A worker on the ground holds a long tube to a high tree branch
Vacuuming egg masses from a high branch.

TreeAzin Injections

TreeAzin is a botanical injectable pesticide formulated with an extract of neem tree seeds that provides a treated tree with protection from LDD moth feeding for one season. When a caterpillar eats the leaves of a treated tree, the pesticide kills the insect by preventing it from growing any larger. This limits the amount of damage to the tree. High-risk trees – trees that are predicted to be severely defoliated – are generally selected for this treatment. The timing of treatments is essential for successful control.

The base of a tree has a number of white cylinders sticking out of it
TreeAzin injection capsules sticking out of the base of a tree.

Ground Sprays of Btk

The City uses products that contain the active ingredient Bacillus thuringiensis subspecies kurstaki (Btk). This is a naturally occurring bacteria found in soil that can be sprayed onto the foliage of individual trees for LDD moth control. Ground spraying for LDD moth is a control often used in City parks to treat spruce trees since other methods have proven to be unsuccessful. The timing of these applications is extremely time sensitive as there is a very narrow treatment window for Btk applications. Because of this, the number of trees selected for this method of treatment is limited.

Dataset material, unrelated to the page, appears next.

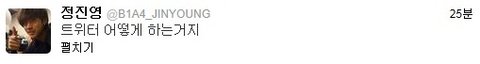 비원에이포 팬분들 어서 진영한테 팔로우해주세요 ~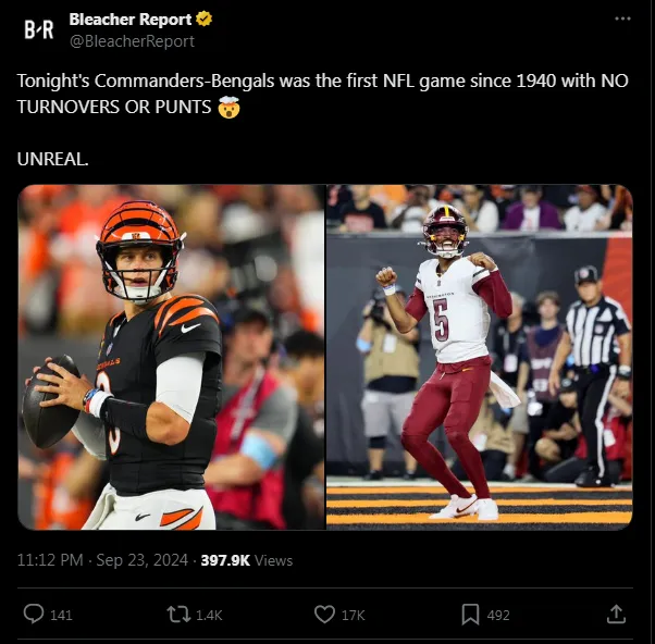 The final game of Week 3 in the 2024 NFL season was noteworthy not only for Jayden Danielsā performance with the Washington Commanders against the Cincinnati Bengals, but also for breaking a record that hadnāt been surpassed since 1940āthanks to the efforts of both teams.

A worker sprays a long jet of pesticide into a tree
City staff applying a ground spray to a tree.

Aerial Spray Program

The City plans aerial spray programs when LDD moth outbreaks are severe and widespread across large areas of dense high-risk tree canopies, usually oak-dominated. Aerial sprays are only conducted when there is no other Integrated Pest Management control option available that would reduce the populations significantly enough to meet acceptable thresholds.

Early Summer

Post-treatment defoliation surveys

During the months following the treatments, City staff conduct post-treatment monitoring surveys to assess the level of feeding on treated trees/areas. Treated trees are inspected for signs and levels of feeding activity and caterpillar abundance. These areas are later re-inspected in the fall/winter to assess for egg masses that were laid during the late summer. The goal of the treatment program is to protect individual or groups of trees from damaging levels of defoliation and to reduce LDD moth population levels. Low to moderate levels of feeding – small holes in leaves – and the presence of caterpillars can still be expected following treatments as it is impossible to completely eliminate the insect.

Late Summer

Pheromone trapping

The City deploys LDD moth traps across parts of the City where LDD moth is present. Though they are commercially marketed as a control method for this insect, these traps are a population monitoring tool, not a control measure. The traps are baited with a sex pheromone that is effective in attracting male moths. Traps are hung in the lower canopy of trees in the summer, before the expected flight period in late July through August. Once the moths have died off for the season, the traps are collected and the number of moths counted. The data collected from these traps is used to establish further monitoring and treatment efforts.

A pheromone trap hangs in a tree. It has a white base and a green lid.
An LDD moth pheromone trap hanging in a tree.

Year-round

Parasitism surveys

Parasitism is one of the greatest factors that contribute to the natural collapse of LDD moth populations. Since LDD moth has natural enemies that affect the insect at each stage of development, City staff monitor the level of parasitism throughout its life cycle. City staff monitor the location, prevalence and severity of parasitism in areas of the city to help predict LDD moth population levels the following spring.